The Purloined Letter

The second goal I have set for myself is to write at least one email to a friend or family member every week. Otter will be the first person to tell you that I am absolutely horrible at maintaining any kind of contact with friends or family, mostly because I’ve done it to her. That won’t happen again with her, but I still need to do a better job of staying in touch with people.

In general, the excuse that I use for poor communication is the fact I’ll be moving on soon anyways. I picked up that habit early, moving every three or four years and having to make new friends all over again. These weren’t little moves either, this was across the state/country or out of the country so I couldn’t really call or make regular visits. You get lazy after a while, I mean, you’ll never see those people again will you? I was good to decent when I moved back to the States to go to school, to the point of spending far too much of my limited dollars on the AT&T phone card that I set up. Over the past few years though, I have definitely gotten worse.

This is one of those ironic moments, where something that I’ve been intimately involved with for last decade has not improved me the same way it improved a lot of people. The Internet is one of the greatest inventions ever, permitting people from all corners of the globe to interact on a realtime basis. Meanwhile, I can’t be bothered to respond to emails from family or friends. Not cool, and I know at least one person who isn’t willing to accept “eh, that’s the way I am.”

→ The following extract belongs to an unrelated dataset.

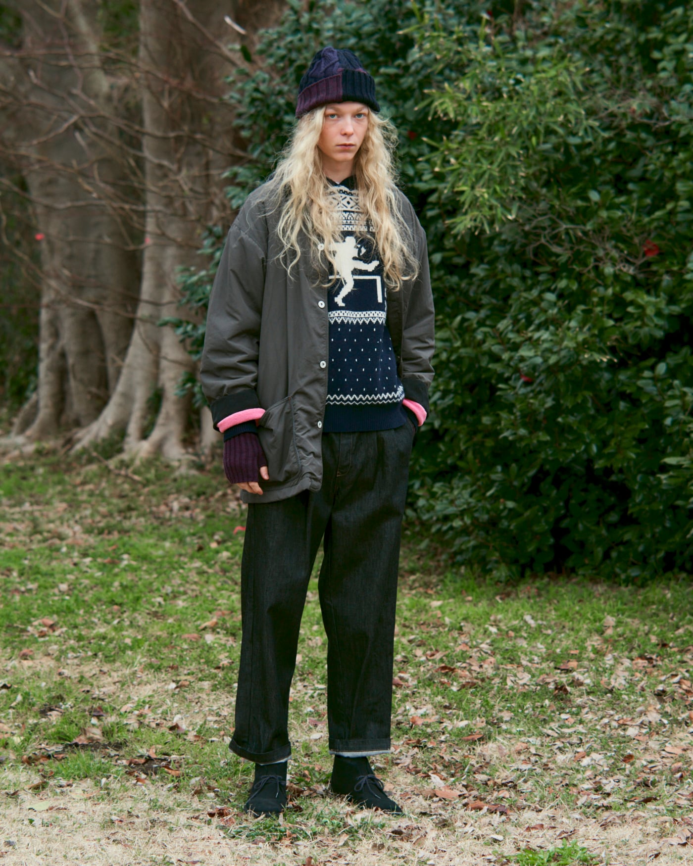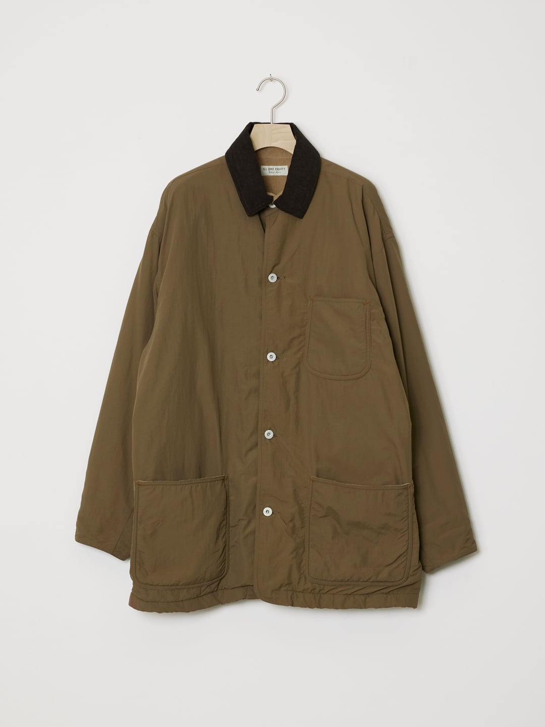 ヴィンテージのカバーオール型を現代的なシンセティック素材に置き換えたジャケット。

Why would it be important now, after so many years of being piss-poor at it? This primary reason for me is that my sloppy communication habits put my relationship with Otter at real risk. I cannot and will not allow that to happen again. So, everyone else that I know gets to be a guinea pig for lame attempts at staying in touch. But, at the same time, there was a reason that I hung out with those people when I knew them (I forced to in the family case, but it works out in the end ;) ). They were cool, they were funny, they were interesting, and they were worth my time. That really hasn’t changed, and I need to do a much better job of conveying that.